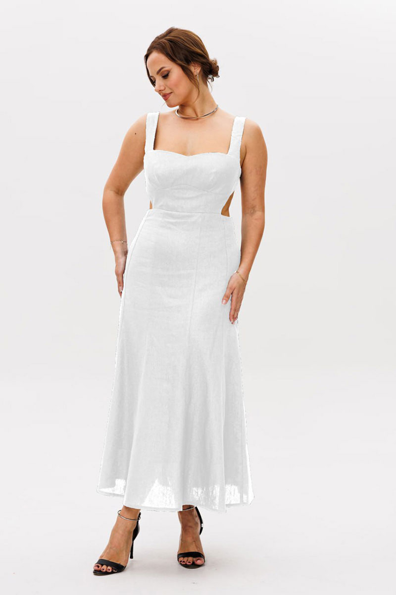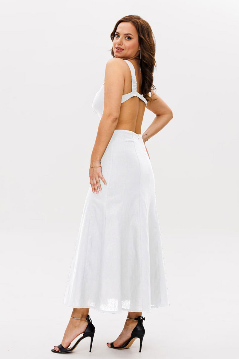 Платье прилегающего силуэта, расклешенное к низу, Застежка на тесьму-молнию в среднем шве спинки юбки. Элегантный черный сарафан из крапивы — идеальный выбор для тех, кто ценит стиль и комфорт. Модель выполнена с открытым верхом и спинкой, создавая эффектный контраст между элегантностью и современностью. Прямой крой юбки подчеркивает фигуру. Сарафан дополнен внутренней подкладкой для максимального комфорта.
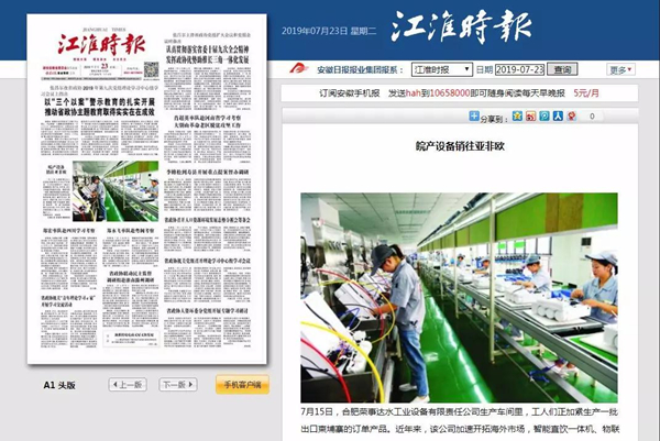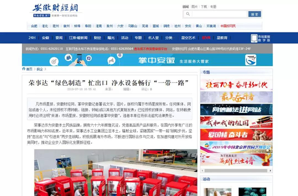 安徽財經網 《榮事達“綠色制造”忙出口  凈水設備暢行“一帶一路”》
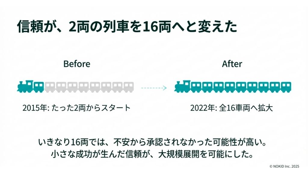 2両から始めたことで、「実際にやってみたら、住民の反応も良かった」「ファンも喜んでくれた」「メディアにも取り上げられた」という実績・信頼関係が生まれ、16車両という大規模展開が実現したのです。
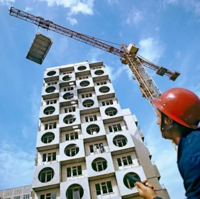 Рабочие монтируют звезду на шпиле, высотное здание на Котельнической набережной, Москва, 1951-й

***

- Work to complete -
Give back the full listing word for word, with the pictures left out.

- Exercise result -
 Платье прилегающего силуэта, расклешенное к низу, Застежка на тесьму-молнию в среднем шве спинки юбки. Элегантный черный сарафан из крапивы — идеальный выбор для тех, кто ценит стиль и комфорт. Модель выполнена с открытым верхом и спинкой, создавая эффектный контраст между элегантностью и современностью. Прямой крой юбки подчеркивает фигуру. Сарафан дополнен внутренней подкладкой для максимального комфорта.
 安徽財經網 《榮事達“綠色制造”忙出口  凈水設備暢行“一帶一路”》
 2両から始めたことで、「実際にやってみたら、住民の反応も良かった」「ファンも喜んでくれた」「メディアにも取り上げられた」という実績・信頼関係が生まれ、16車両という大規模展開が実現したのです。
 Рабочие монтируют звезду на шпиле, высотное здание на Котельнической набережной, Москва, 1951-й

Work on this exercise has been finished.